Wirklich viele Erfolgsmeldungen scheint Apple mit MobileMe nicht vermelden zu können. Der kostenpflichtige Cloud-Dienst hat nämlich ein rießen großes Problem, weswegen er nicht viele Anhänger findet und Apple die Triumphe nicht lauthals herausposaunt. Wer bezahlt schon für einen Service, den man von Google und Co. komplett umsonst und vielleicht sogar in besserer Qualität bekommt?

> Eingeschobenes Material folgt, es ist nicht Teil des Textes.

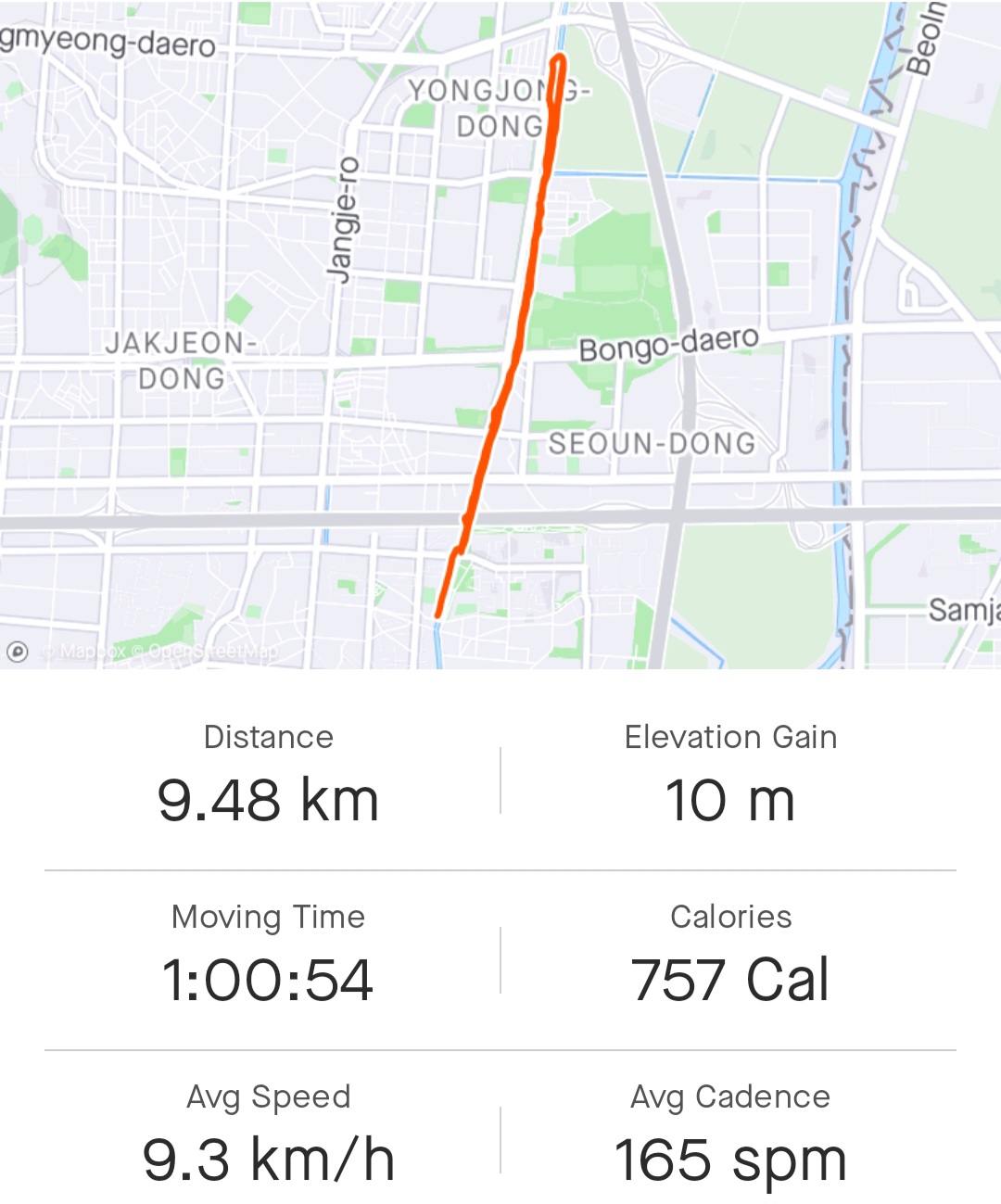어제 대충 계산 시 한바퀴에 5Km 정도 되어 두바퀴 돈 것인데 아니었음...
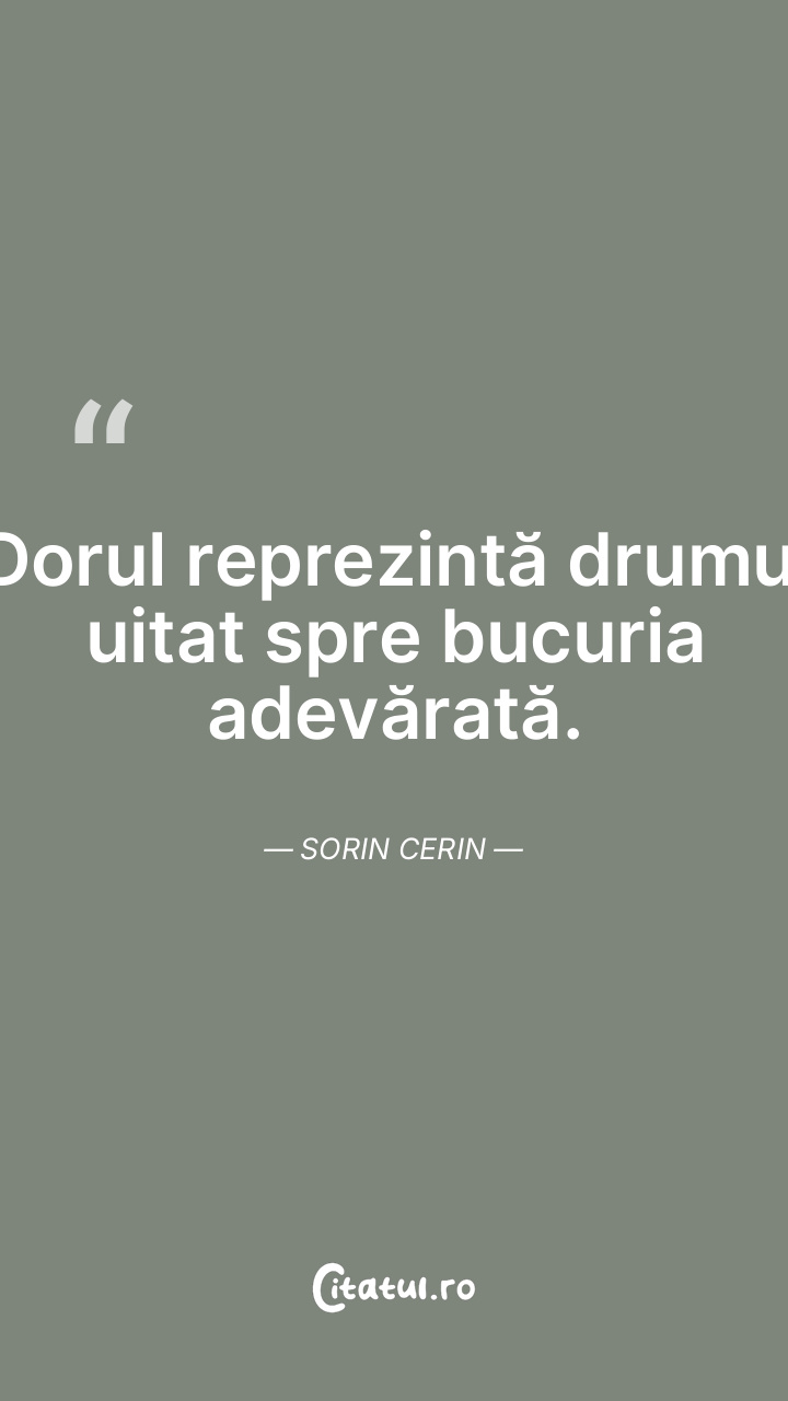 Dorul reprezintă drumul uitat spre bucuria adevărată. Sorin Cerin
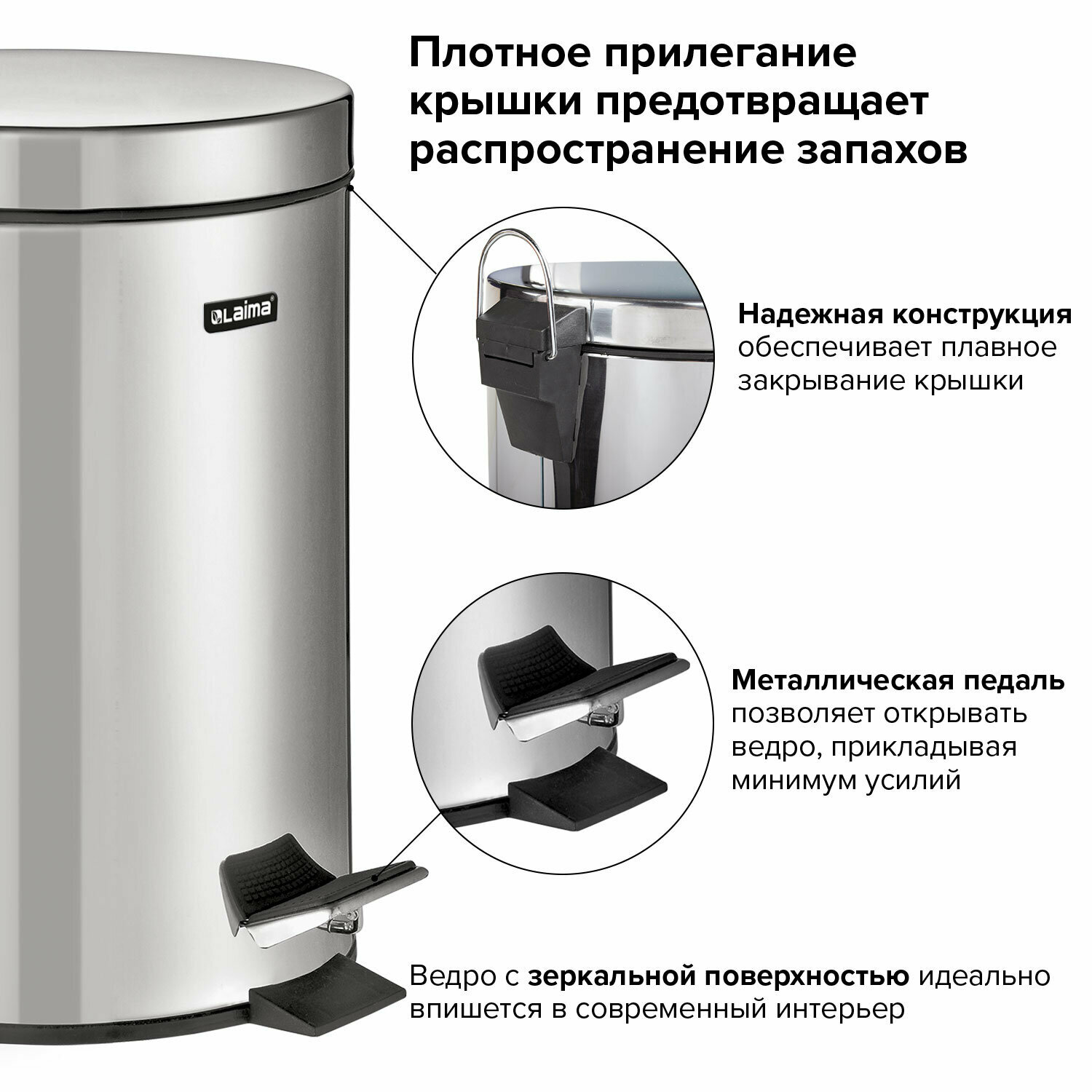 Отзывы на Ведро мусорное (урна) с педалью LAIMA "Classic", 12 л, зеркальное, нержав. сталь, со съемным внутренним ведром, 232261
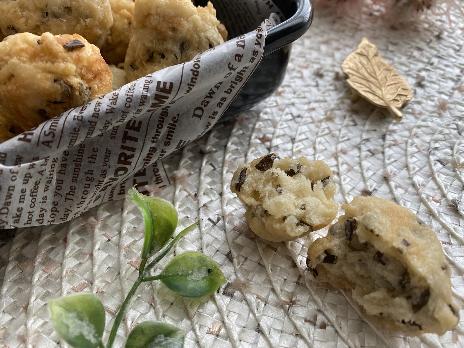 周りの粉の部分に塩 オリーブオイル 刻んだ昆布を加える
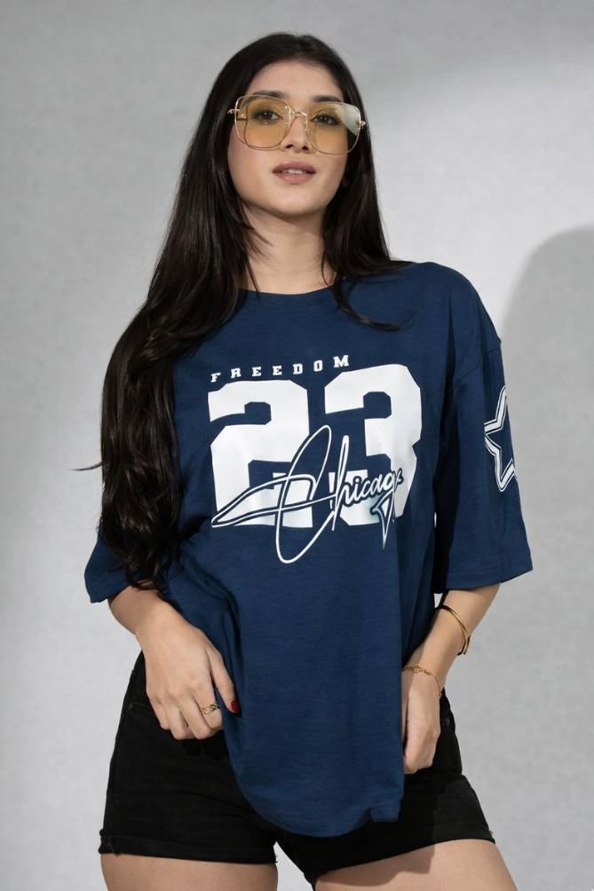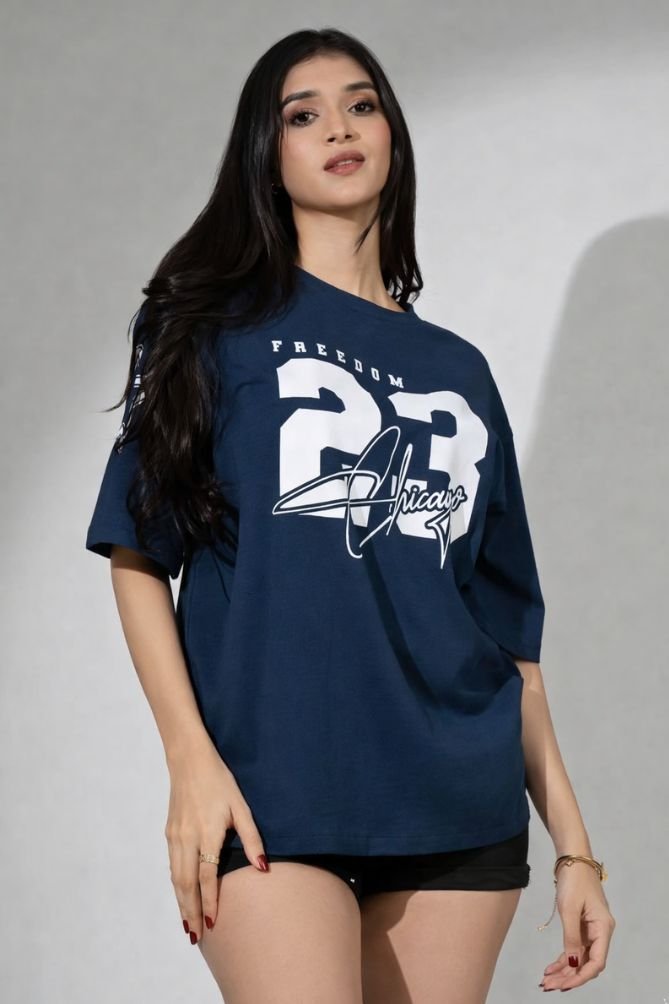The standout Freedom 23 Chicago graphic adds a sporty varsity aesthetic, making this Chicago Oversized Tee for Women perfect for casual outings, college wear, travel days, or athleisure looks. Pair it with shorts, joggers, or sneakers to achieve an effortless urban vibe.
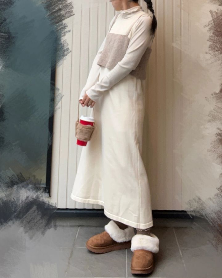 最初にご紹介するのは、@ao_piipiさんのワンピースとムートンスリッパを合わせたフェミニンコーデ。ブラウンのムートンスリッパは、ホワイトのワンピースとくすみベージュを組み合わせた淡色系コーディネートのアクセントに!スリッパのもこもこファーが優しげな印象を演出し、クリスマスのデートやお出かけにもぴったりです♡
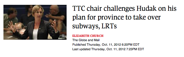 The current situation with the TTC is that, if the municipal government wanted to make a specific change like that, it would have to go through the TTC Board and publically debated. We'd lose that transparency at the provincial level.
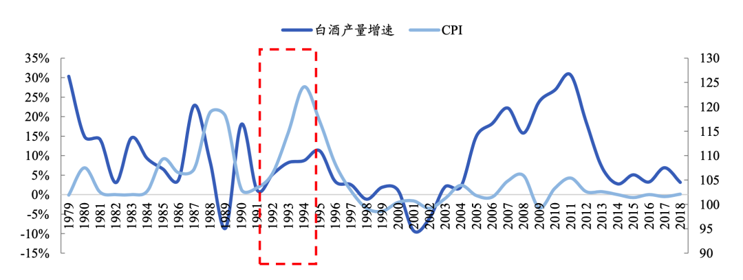图:白酒产量增速与CPI曲线对比图(数据来自国家统计局、中国酒业协会)
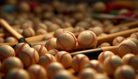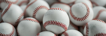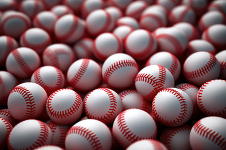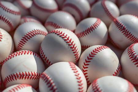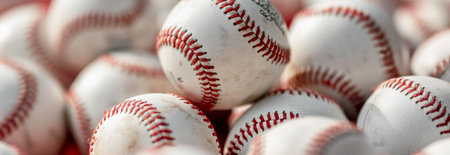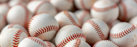 A close-up view of several baseballs, revealing their leather surface and red stitching. The image focuses on the textures and details of the baseballs, creating a sense of anticipation and readiness for the game.

Die Schachstellen würden sich aber ganz einfach von zwei verschiedenen Seiten anpacken lassen. Einerseits durch den kompletten Wegfall der 79 Euro teuren Jahrensmitgliedschaftsgebühren und andererseits durch eine drastische Verbesserung des Dienstes bei bleibenden Gebühren. Am logischsten wäre jedoch der goldene Mittelweg – nämlich ein Freemium-Modell einzuführen, bei dem die jetzigen Dienste – eventuell mit weniger Speicherplatz – völlig kostenlos angeboten werden und ein paar zusätzliche Features unter einem Premium-Preis zu verkaufen. Denkbar wären hier zum Beispiel das Hinzufügen einer eigenen Domain für den Mail-Service oder die Unterstützung von Microsofts Exchange Protokoll, so wie Google das vor einiger Zeit gemacht hat. Dadurch würden auch tausende andere Geräte, die man so täglich mit sich herum trägt, von den einzigartigen Sync-, Kalender- und Mail-Funktionen profitieren. Vor allem erstere sind nämlich der Grund, warum ich mein Abo jetzt schon zum zweiten Mal verlängert habe.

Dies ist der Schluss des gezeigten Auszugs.